Exercise requirements:
Please transcribe the entries below exactly and leave out every picture.

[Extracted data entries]
◇ ◇ ◇
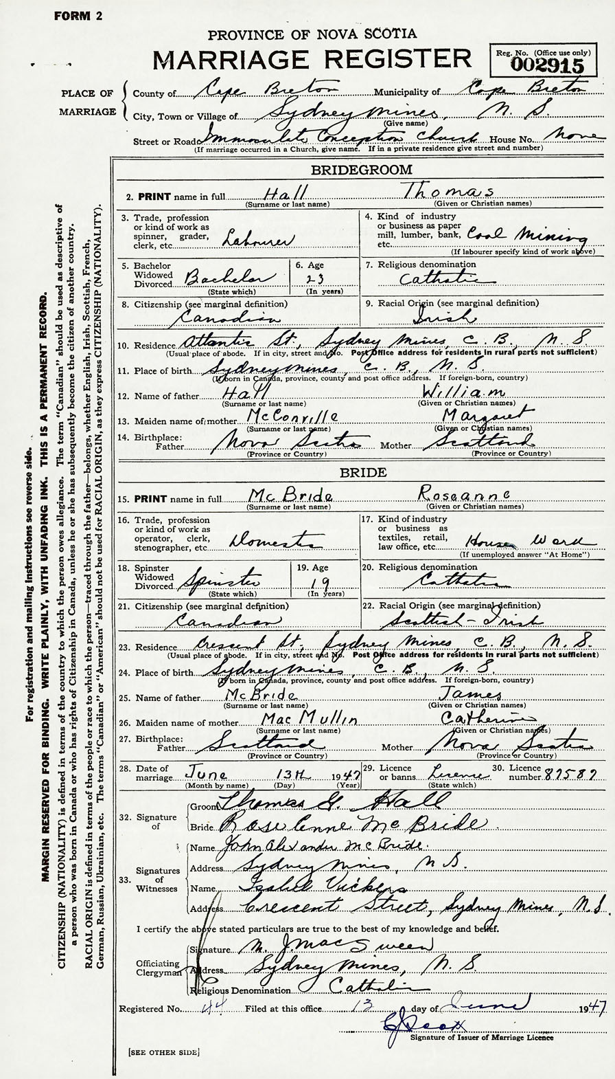 11. Place of birth Sydney Mines, Cape Breton, Nova Scotia
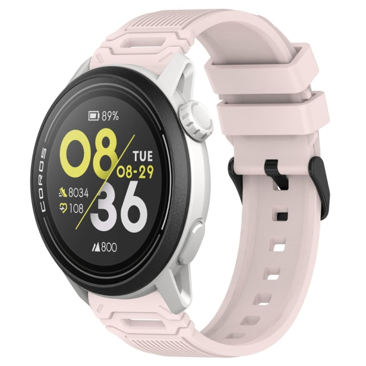 Correa de silicona con hebilla negra y patrón vertical para reloj COROS de 22 mm (rosa)
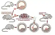 Впервые ИПСК были получены в виде перевиваемой тератокарциномы, индуцированной трансплантатом, взятым из мышиных эмбрионов[95]. Было доказано, что тератокарциномы образуются из соматических клеток[96]. Тот факт, что из клеток тератокарциномы можно получить нормальную мышь доказывал их плюрипотентность[97][98][99]. Оказалось, что клетки тератокарциномы, выделяя в культуральную среду различные факторы, способны поддерживать культуру плюрипотентных стволовых клеток эмбриона в недифференцированном состоянии[100]. Таким образом, ещё в 1980-е годы стало ясно[101][102][103], что трансплантация плюрипотентных или эмбриональных стволовых клеток во взрослый организм млекопитающих обычно приводит к образованию тератомы, которая затем может превратиться в злокачественную опухоль — тератокарциному[104]. Если, однако, поместить клетки тератокарциномы в ранний зародыш млекопитающего (на стадии бластоцисты), то они включаются в состав клеточной массы бластоцисты и из такого химерного (то есть состоящего из клеток от разных организмов) эмбриона нередко развивается нормальное химерное животное. Почти во всех органах и тканях которого часть дифференцированных клеток происходит из клеток тератокарциномы, которые совместно с клетками нормального происхождения участвуют в построении здорового организма[102][103][105]. Это свидетельствовало о том, что причиной образования тератомы является диссонанс в стадии развития донорных клеток и окружающих их клеток реципиента (так называемой ниши). Уже тогда, используя ретровирусные векторы, удалось ввести инородные гены в мышиные химеры, полученные с помощью клеток тератокарциномы[106].
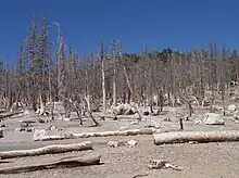 Des volcans surgissent entre 3,6 et 2,3 millions d'années BP près de la région actuelle de Long Valley[20]. Des éruptions se produisent sur et autour de Glass Mountain entre 2,1 et 0,8 million d'années BP[21]. Des cendres volcaniques issues de la gigantesque éruption de la caldeira de Long Valley, environ 760 000 ans BP, sont conservées à l'intérieur de l'épais tuf de Bishop qui recouvre l'essentiel de la région.
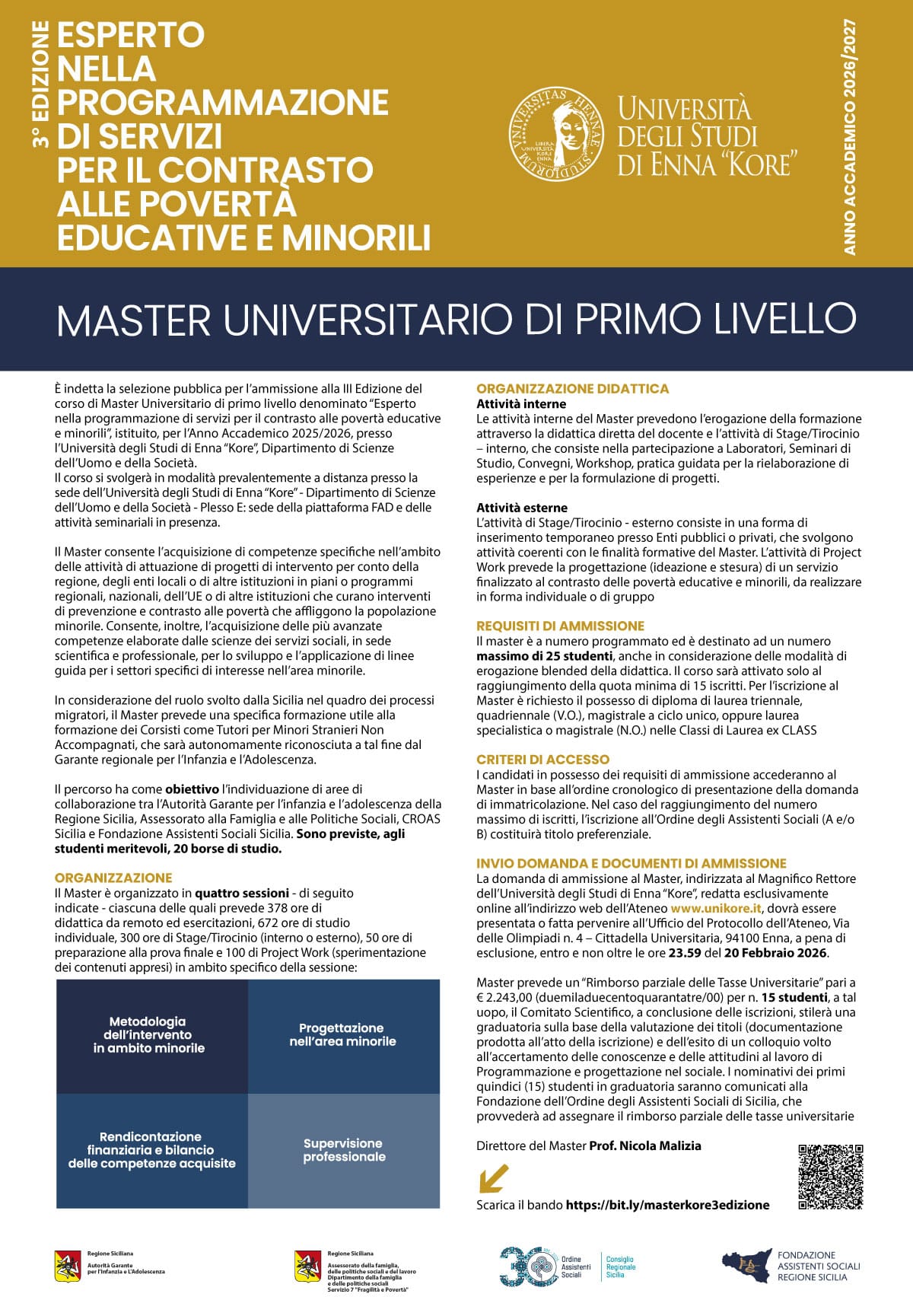 È indetta la selezione pubblica per l’ammissione alla III Edizione del corso di Master Universitario di primo livello denominato “Esperto nella programmazione di servizi per il contrasto alle povertà educative e minorili”, istituito, per l’Anno Accademico 2025/2026, presso l’Università degli Studi di Enna “Kore”, Dipartimento di Scienze dell’Uomo e della Società.
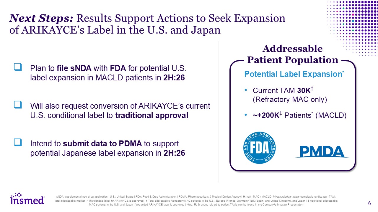 Next Steps: Results Support Actions to Seek Expansion of ARIKAYCE’s Label in the U.S. and Japan   Plan to file sNDA with FDA for potential U.S. label expansion in MACLD patients in 2H:26  Will also request conversion of ARIKAYCE’s current U.S. conditional label to traditional approval  Intend to submit data to PDMA to support potential Japanese label expansion in 2H:26  sNDA: supplemental new drug application | U.S.: United States | FDA: Food & Drug Administration | PDMA: Pharmaceuticals & Medical Device Agency | H: half | MAC / MACLD: Mycobacterium avium complex lung disease | TAM: total addressable market | * if expanded label for ARIKAYCE is approved | † Total addressable Refractory MAC patients in the U.S., Europe (France, Germany, Italy, Spain, and United Kingdom), and Japan | ‡ Additional addressable MAC patients in the U.S. and Japan if expanded ARIKAYCE label is approved | Note: References related to patient TAMs can be found in the Company's Investor Presentation  Potential Label Expansion*  Current TAM 30K† (Refractory MAC only)  ~+200K‡ Patients* (MACLD)  Addressable   Patient Population
◇ ◇ ◇
Solution below:
 11. Place of birth Sydney Mines, Cape Breton, Nova Scotia
 Correa de silicona con hebilla negra y patrón vertical para reloj COROS de 22 mm (rosa)
 Впервые ИПСК были получены в виде перевиваемой тератокарциномы, индуцированной трансплантатом, взятым из мышиных эмбрионов[95]. Было доказано, что тератокарциномы образуются из соматических клеток[96]. Тот факт, что из клеток тератокарциномы можно получить нормальную мышь доказывал их плюрипотентность[97][98][99]. Оказалось, что клетки тератокарциномы, выделяя в культуральную среду различные факторы, способны поддерживать культуру плюрипотентных стволовых клеток эмбриона в недифференцированном состоянии[100]. Таким образом, ещё в 1980-е годы стало ясно[101][102][103], что трансплантация плюрипотентных или эмбриональных стволовых клеток во взрослый организм млекопитающих обычно приводит к образованию тератомы, которая затем может превратиться в злокачественную опухоль — тератокарциному[104]. Если, однако, поместить клетки тератокарциномы в ранний зародыш млекопитающего (на стадии бластоцисты), то они включаются в состав клеточной массы бластоцисты и из такого химерного (то есть состоящего из клеток от разных организмов) эмбриона нередко развивается нормальное химерное животное. Почти во всех органах и тканях которого часть дифференцированных клеток происходит из клеток тератокарциномы, которые совместно с клетками нормального происхождения участвуют в построении здорового организма[102][103][105]. Это свидетельствовало о том, что причиной образования тератомы является диссонанс в стадии развития донорных клеток и окружающих их клеток реципиента (так называемой ниши). Уже тогда, используя ретровирусные векторы, удалось ввести инородные гены в мышиные химеры, полученные с помощью клеток тератокарциномы[106].
 Des volcans surgissent entre 3,6 et 2,3 millions d'années BP près de la région actuelle de Long Valley[20]. Des éruptions se produisent sur et autour de Glass Mountain entre 2,1 et 0,8 million d'années BP[21]. Des cendres volcaniques issues de la gigantesque éruption de la caldeira de Long Valley, environ 760 000 ans BP, sont conservées à l'intérieur de l'épais tuf de Bishop qui recouvre l'essentiel de la région.
 È indetta la selezione pubblica per l’ammissione alla III Edizione del corso di Master Universitario di primo livello denominato “Esperto nella programmazione di servizi per il contrasto alle povertà educative e minorili”, istituito, per l’Anno Accademico 2025/2026, presso l’Università degli Studi di Enna “Kore”, Dipartimento di Scienze dell’Uomo e della Società.
 Next Steps: Results Support Actions to Seek Expansion of ARIKAYCE’s Label in the U.S. and Japan   Plan to file sNDA with FDA for potential U.S. label expansion in MACLD patients in 2H:26  Will also request conversion of ARIKAYCE’s current U.S. conditional label to traditional approval  Intend to submit data to PDMA to support potential Japanese label expansion in 2H:26  sNDA: supplemental new drug application | U.S.: United States | FDA: Food & Drug Administration | PDMA: Pharmaceuticals & Medical Device Agency | H: half | MAC / MACLD: Mycobacterium avium complex lung disease | TAM: total addressable market | * if expanded label for ARIKAYCE is approved | † Total addressable Refractory MAC patients in the U.S., Europe (France, Germany, Italy, Spain, and United Kingdom), and Japan | ‡ Additional addressable MAC patients in the U.S. and Japan if expanded ARIKAYCE label is approved | Note: References related to patient TAMs can be found in the Company's Investor Presentation  Potential Label Expansion*  Current TAM 30K† (Refractory MAC only)  ~+200K‡ Patients* (MACLD)  Addressable   Patient Population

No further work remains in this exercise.